I've been taking care of my grandkids since my grandson was a year old, (he is now 5) and his Mom went back to work. Now I have him and his sister Mondays to Friday. I have friends and family who think I'm out of my mind (I'm 68), but I wouldn't have it any other way. They bring joy to my life. Yes, at the end of some days I'm exhausted, but I know that they have been well cared for, and loved! My life will change this coming September when my grandson goes to Primary, and my granddaughter will possibly go to daycare. I will still be there when they are sick, or it's an inservice day. I will admit that it will be good to have some of my life back to do the things that I haven't had time for. I feel privileged to had the opportunity to create the special bond that I have with them.
And the absolute non-accidental soul bond they have with you - needed in their formative and foundational build - you were chosen- you chose each other. How beautiful to read your post 🙏🏽
Sassy you hit the nail on the head! He is Scorpio I am Cancer. Lots of water💧🌊 Its been in process for a while that the emotional expressions were no longer available. The hearts quit talking. Now I contemplate should I stay or should I go🤔🤐😲😥 or is it when?
It is the Divine Counterpart but he is not cooperating with me and I am so bored and tired of compromising all the time.
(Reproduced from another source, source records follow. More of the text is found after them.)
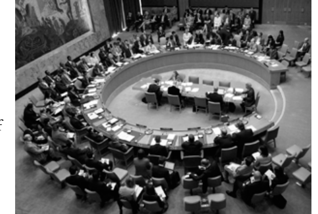
Security Council considers post-conflict peacebuilding. Photo #404677, UN Photo/Paulo Filgueiras

Yet instead of investing more in political engagement and tools for conflict prevention, the international community has continued to rely
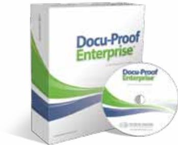
Docu-Proof™ Text inspection & Spell Check
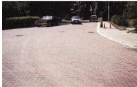
Pine Crescent, a residential brick street in an established, up-market neighborhood in Toronto, Ontario, was removed and replaced with 70,000 s.f. (6,500 m 2 ) of mechanically installed concrete pavers.

We speak but not in reality because he will not show up for this union to happen. I am letting go and asking for a brand new love without fighting for it.
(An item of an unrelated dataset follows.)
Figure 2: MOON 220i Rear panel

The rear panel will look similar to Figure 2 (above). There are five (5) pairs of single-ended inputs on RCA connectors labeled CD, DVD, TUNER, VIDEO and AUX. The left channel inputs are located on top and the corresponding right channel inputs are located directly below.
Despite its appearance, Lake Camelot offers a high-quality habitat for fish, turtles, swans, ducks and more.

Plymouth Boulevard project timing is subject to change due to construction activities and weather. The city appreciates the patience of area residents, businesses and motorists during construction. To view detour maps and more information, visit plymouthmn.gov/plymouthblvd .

Reached success with my peers in the art I do, internationally. Let go of a ten year friendship that was draining and toxic. Healing. My art is my healing, not my financial support. Have no expectations right now. Just cruising. Your readings are always on the mark
Thank you Christina. I needed to hear this reading. Sometimes I question if all this effort and sacrifice is worth it, because I see no end in sight even though I feel it is coming.